Baltimore Mayor Brandon M. Scott, along with Baltimore County Executive John Olszewski Jr., recently expressed concerns over the date set for the primary election in April of 2024, citing the fact that it will coincide with Passover. In separate letters addressed to Senate President William Ferguson and Speaker of the House Adrienne Jones, they encouraged the General Assembly to act to reschedule the election so members of the Jewish community will be able to vote without violating Jewish law.
As of Monday, Feb. 27, the presiding officers have acknowledged the mayor’s letter and agreed to work with the State Board of Elections and local election offices to reschedule the election so it does not interfere with Passover, though an exact date has not been set.
For many Jewish people, Passover is a holy period during which working is discouraged. Voting would count as working in that case, so Baltimore-area Jews would be faced with the decision of whether exercising their democratic right to vote is worth disobeying Jewish law.
Not only that, but the April 2024 primary is set to take place in Northwest Baltimore, which houses a large community of Orthodox Jews. Areas like the Pikesville, Owings Mills and the Upper Park Heights neighborhoods boast a significant Orthodox population. According to a 2020 study conducted by Brandeis University’s Cohen Center for Modern Jewish Studies, 21% of Jewish adults in the Baltimore area identify as Orthodox, making them the most common denomination in the area’s Jewish community.
“The mayor has layered his entire administration to see things through a lens of equity,” said Marvin James, Mayor Scott’s senior advisor. “Baltimore would be impacted by having the election on that date because we have a large Orthodox Jewish community, and a large Jewish community, period.”
James elaborated that religious leaders brought this issue to the mayor’s attention during a monthly city hall meeting, where people representing religious entities in the Baltimore area were able to express their concerns and make suggestions with the aim of making Baltimore a more religiously inclusive community.

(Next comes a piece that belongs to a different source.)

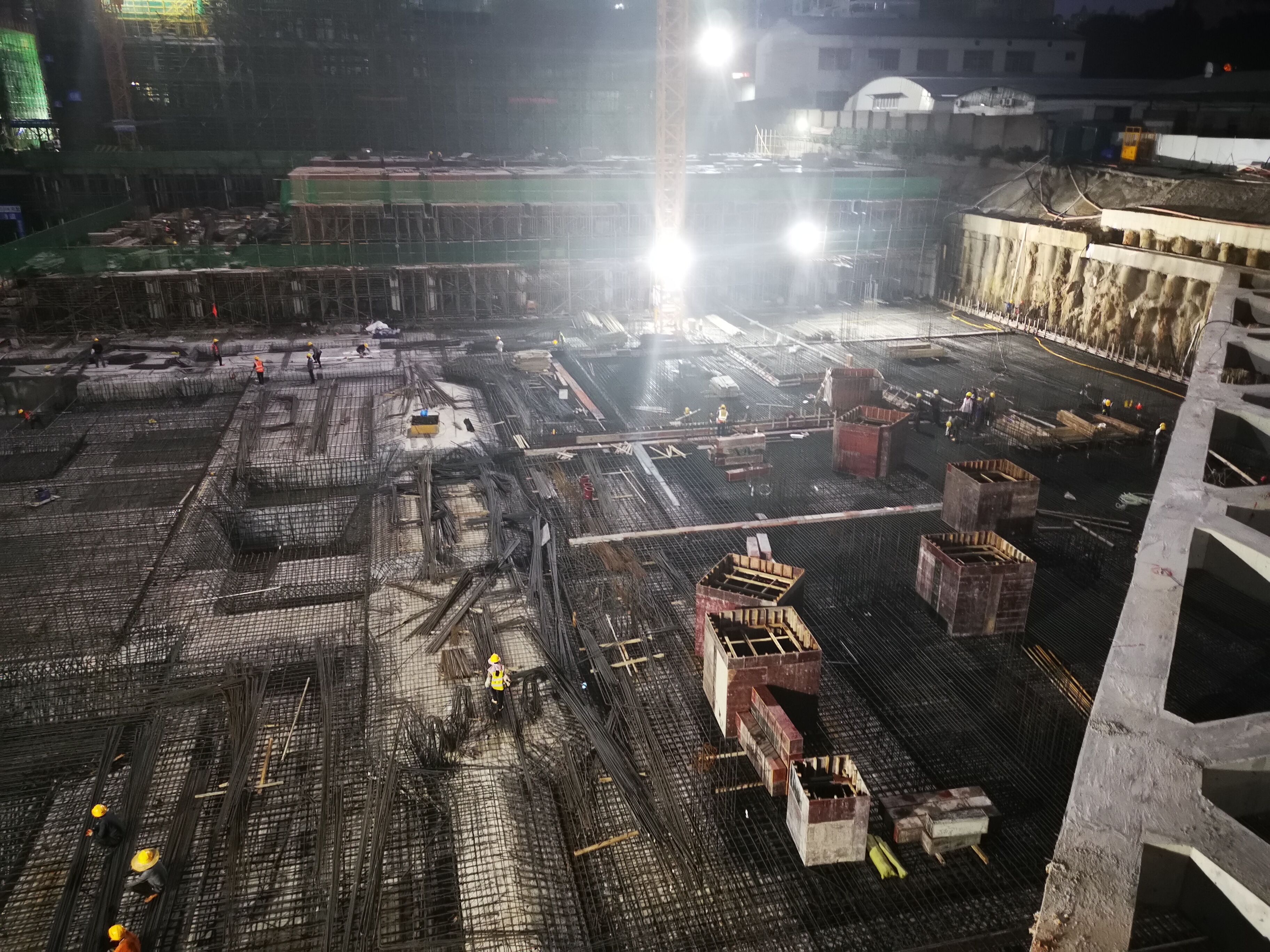 在完成支護樁施工及土方外運工作后,接下來就是緊張的基礎(chǔ)及地下室施工,在剩下不到40天的時間里完成兩層地下室施工,這是一場與時間賽跑的大戰(zhàn)。推進(jìn)小組全體成員頂住壓力,緊盯5月31日預(yù)售節(jié)點目標(biāo),開足馬力全力推進(jìn)項目建設(shè)加速跑。推進(jìn)小組實行每天碰頭會,每周安全生產(chǎn)推進(jìn)會,按照工期節(jié)點倒排施工計劃,層層細(xì)化每日施工任務(wù),持續(xù)加強內(nèi)外溝通。依據(jù)工程進(jìn)展情況,督促施工單位同時展開多個作業(yè)面,增加施工人員及機械設(shè)備的投入,采取倒班等措施搶回時間,保證施工現(xiàn)場做到“見縫插針、動態(tài)管控”。經(jīng)過項目推進(jìn)小組及參建各方2個多月的日夜奮戰(zhàn),項目8#、6#樓于4月12日、5月13日提前完成主體結(jié)構(gòu)封頂;3#樓5月27日提前完成±0.00層達(dá)到預(yù)售節(jié)點;在臨時增加工程量的情況下, 1#樓于6月5日完成集團公司設(shè)定的項目預(yù)售節(jié)點攻堅目標(biāo)。

“When we became aware of that April conflict, we shared it with some legislators here in Annapolis knowing that it would impact a lot of voters in Baltimore city and Baltimore county,” said Howard Libit, executive director of the Baltimore Jewish Council. “Both the mayor’s office and the county executive’s office realized that this would impact a lot of Jewish voters in their jurisdictions.”
A community this large being unable to vote would be problematic not only for them, but for the primary’s candidates — with a large part of Baltimore’s community being absent from the voting pool due to religious obligations, the election’s results would not fully represent the interests of the city’s population. Libit also noted District 5 councilman Isaac “Yitzy” Schleifer, who is Orthodox himself, and thus would be unable to campaign on Election Day were the date not changed.
Typically, an election’s date cannot be changed without a motion by the General Assembly. Exceptions can be made in the case of a pandemic emergency or the redistricting of voting districts, but in this case, legislative support would be required to reschedule this preplanned date.
James noted that such an occurrence is a rarity, and there have not been many cases of an election coinciding with a religious holiday in the past.
“Elections throughout the state are set by the state board of elections,” he explained. “As someone who is on the political side of things, this day should have been reviewed to see whether or not it meshed with the holy days of any religious groups.”
He added that for the past several years, the Baltimore City primary has taken place in June or July. The 2024 election will be the first time in a while that an election has been set for April.
“On my first day of the administration, I directed every single person to operate with a lens of equity,” Scott said. “Voting is a democratic opportunity that every person should be able to participate in regardless of religion or color. I wrote that letter as someone who truly supports our Jewish community in the city of Baltimore and believes in equal access to the ballot box.”